Monthly Archives: February 2017

Be

be humble
shut the f up when someone is talking
speak slower and listen more
don’t assume that you are always right when you talk to someone
esp someone who has more experience and who has seen more than you

Hepi

Happiness comes in full measure when you realise that the effort you’ve put into something translates into something that extends into society : when you spend hours surveying strangers in the sun and the rain, when you spend time persuading people to open up, when you stay up on Sunday night to make sure your copy is ship-shape, when you overcome layers of superiors implicitly questioning why you’re doing things a certain way, suggesting that you need to change or tone down certain things. When you actively mobilise resources available to you to see your work through, when it translates not in terms of page placements but genuine engagement – and the next day you get messages. An organisation telling you that it was thought-provoking, people saying that what you articulated resonated with their personal experiences, a teacher telling you that she is using your piece as teaching material.

I came home and sat down for dinner with my parents and had a proper conversation with them – a rarity given our erratic schedules. I told my mum about all the obstacles but also opportunities that work presents me; we shared about our love for feature writing and honing in on the lives of others; I told her all these lessons I have learnt in the space of this month. Why write? Write not for recognition or ego or money or fame – write for self-fulfilment, to give back to the organisations and forces that have shaped you. Write to be read, to be heard, to strike a chord. Be a writer first – do your duty, not your job. 不做工作,做责任

I met KW for lunch today, it was both a contemplative and bemusing experience. I’ve written about how he has intrigued me even when we were back in school, even amidst the teasing and judgment – they seem to roll off him like nothing mattered, and he stayed honest and true to himself. I think those are very admirable traits and I have always respected him for that regardless of what others have said. I like people like that – people who are wired a little differently, people who don’t play by the rules, people who aren’t afraid to be themselves. When I was younger, I almost rejected and suppressed that part of me who was defiant and idealistic. But now people tell me that what I am doing encourages them – and I feel so encouraged by that. I’ve never seen myself as being someone who can lead and change things – but then again, small things turn into big things, and we have to always trust that our divine discontent can lead us somewhere.

Because if I don’t try – who will?

things

‘Ya you’re helping to develop a vocab/space for dealing with this”

Things said in the paper, things said over lunch, things said over social media platforms with long-forgotten acquaintances. As much as I’m wrapped up in structures and institutions I’m glad that I didn’t let others’ doubts and considerations cloud my own will – if something gets read, something makes an impact – I’ve more than done my duty (and not my job)

It’s been a bit of a drifty period but I feel like there are more changes, decisions and bigger things afoot. A little reminder today that if I keep pressing on, things can be overcome : no matter how big or insurmountable they can be. I’m a reckless idealist but if you don’t keep being this way  – how can things change?

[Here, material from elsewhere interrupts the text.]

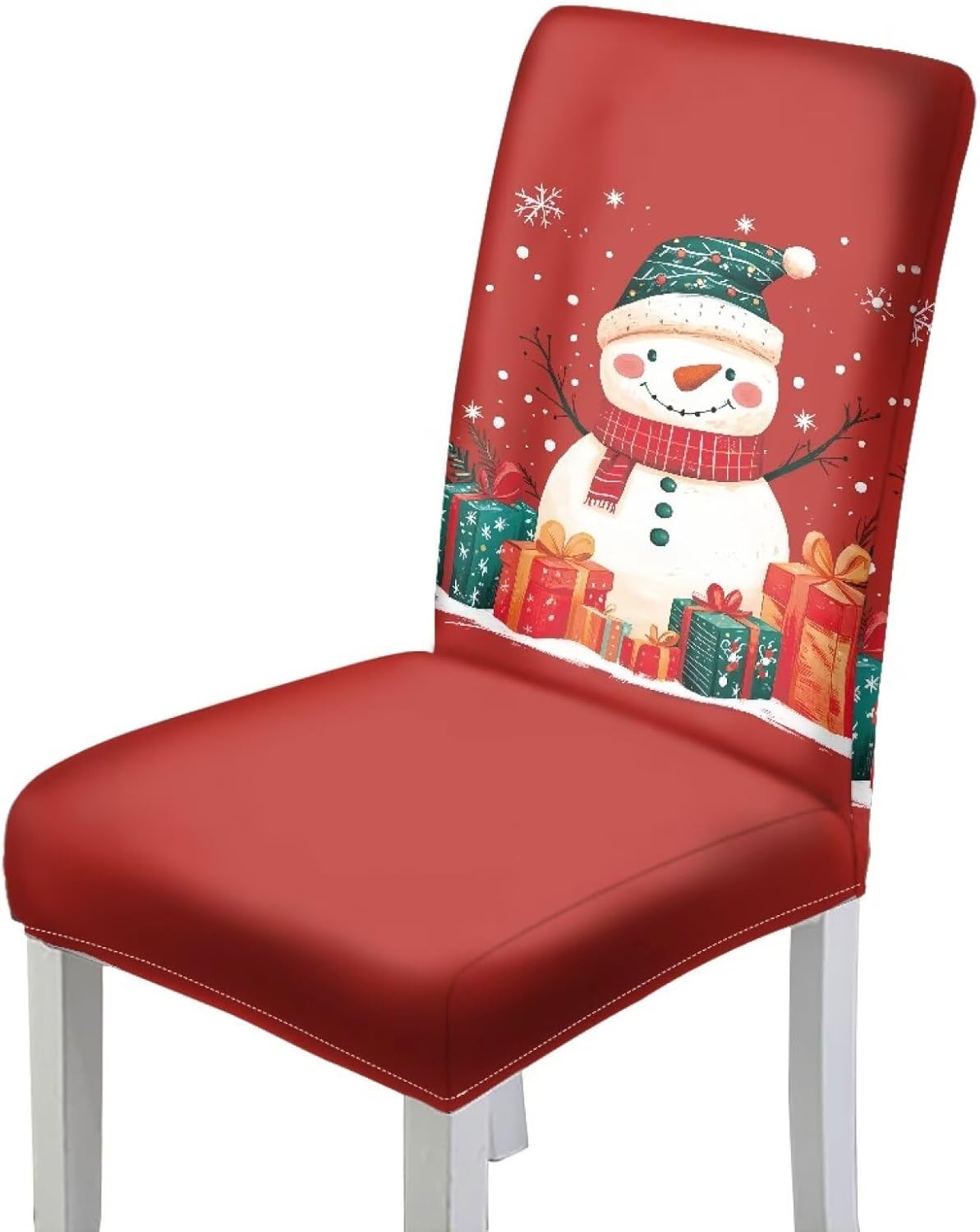 Premium Material: Crafted from a blend of high-quality polyester and spandex, this christmas kitchen chair covers is soft, stretch, and reusable. Its comfortable texture resists wrinkles and is machine-washable or hand-washable. The elastic band at the bottom securely fastens the cover, preventing slippage and fading. Exquisite Design: Dining table chair covers Featuring a festive Christmas theme, the covers showcase rich holiday print including Christmas trees, sleighs, snowflakes, and gifts against a classic background. Their elegant and eye-catching design makes them an ideal choice for Christmas decor. Perfect Fit: This elastic christmas kitchen chair cover set (2-piece) accommodates chairs with back heights of approximately 45-60 cm (17.7-23.6 inches), seat depths of 40-50 cm (15.7-19.6 inches), and seat widths of 40-50 cm (15.7-19.6 inches). 45-60 cm, seat depth approx. 15.7-19.6 inches / 40-50 cm, seat width approx. 15.7-19.6 inches / 40-50 cm, fits most square dining chairs. Perfect Furniture Protection: Xmas dining room chair covers refresh old furniture, effectively shielding against dust, stains, daily wear, tears, and accidental spills while giving seats a fresh, attractive appearance. Holiday chair covers slip directly over seat surfaces for easy installation. Versatile Applications: Seat covers for chairs is Ideal for Christmas parties, winter gatherings, weddings, hotel banquets, gala dinners, ceremonies, and conferences. Suitable for indoor/outdoor settings including dining rooms, living rooms, cafes, and offices.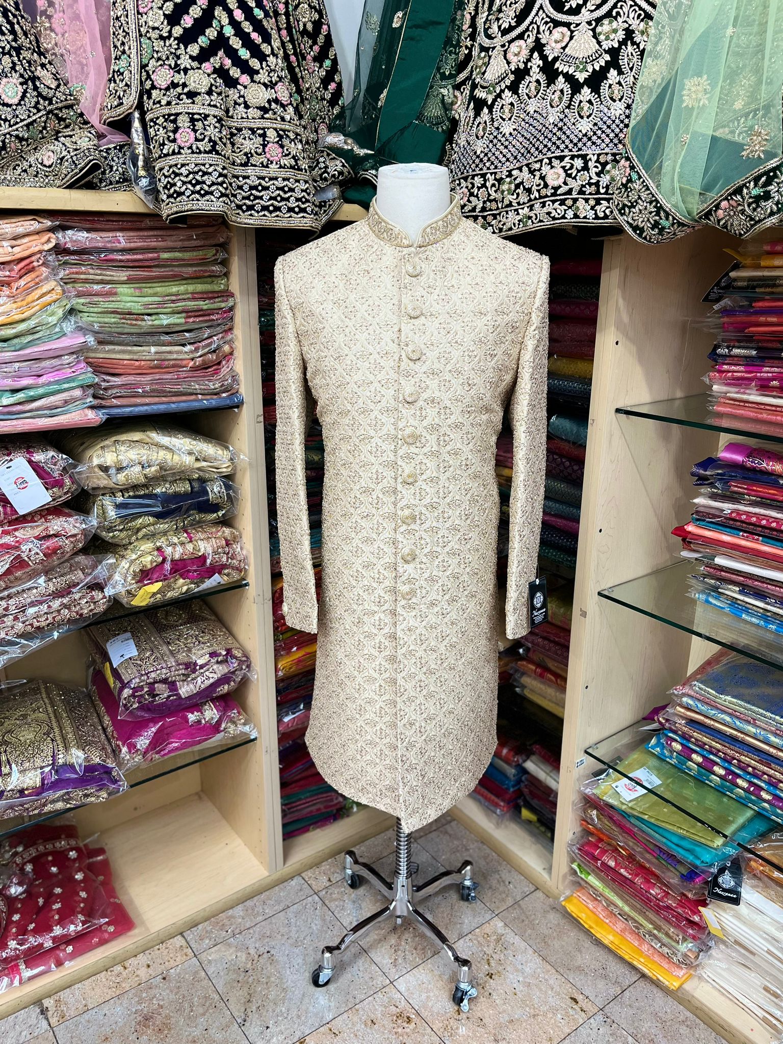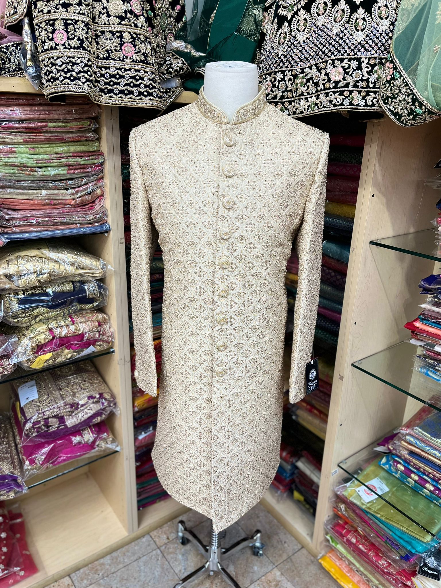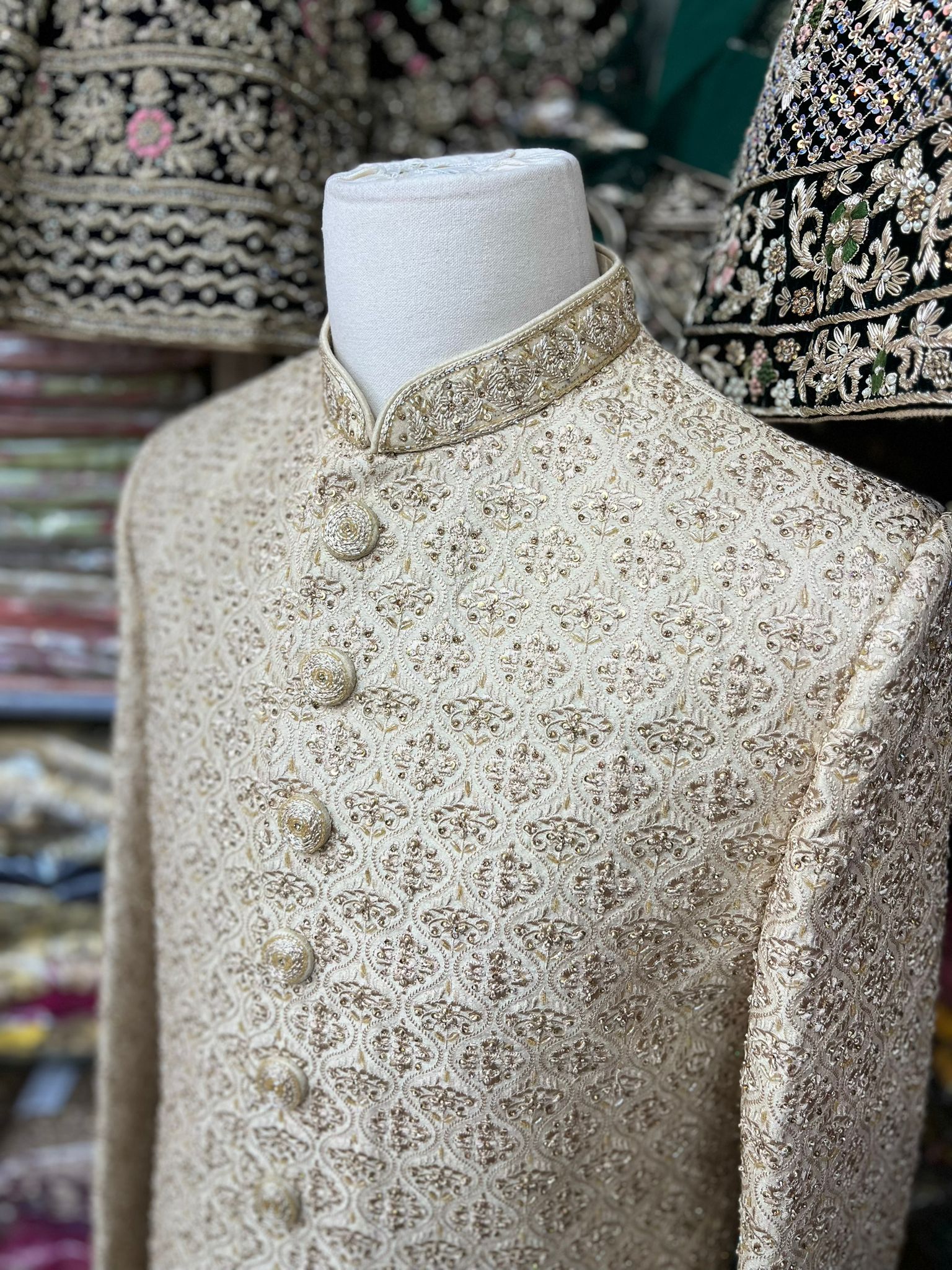 • Introducing our Heavy Embroidery Sherwani in Beige, a luxurious and elegant traditional garment perfect for any special occasion. Featuring intricate and stunning embroidery, this sherwani is made from high-quality materials, ensuring both comfort and style. Elevate your fashion game with this exquisite beige sherwani, order now.

“Creativity and ego cannot go together. If you free yourself from the comparing and jealous mind, your creativity opens up endlessly. Just as water springs from a fountain, creativity springs from every moment. You must not be your own obstacle. You must not be owned by the environment you are in. You must own the environment, the phenomenal world around you. You must be able to freely move in and out of your mind. This is being free. There is no way you can’t open up your creativity. There is no ego to speak of. That is my belief.”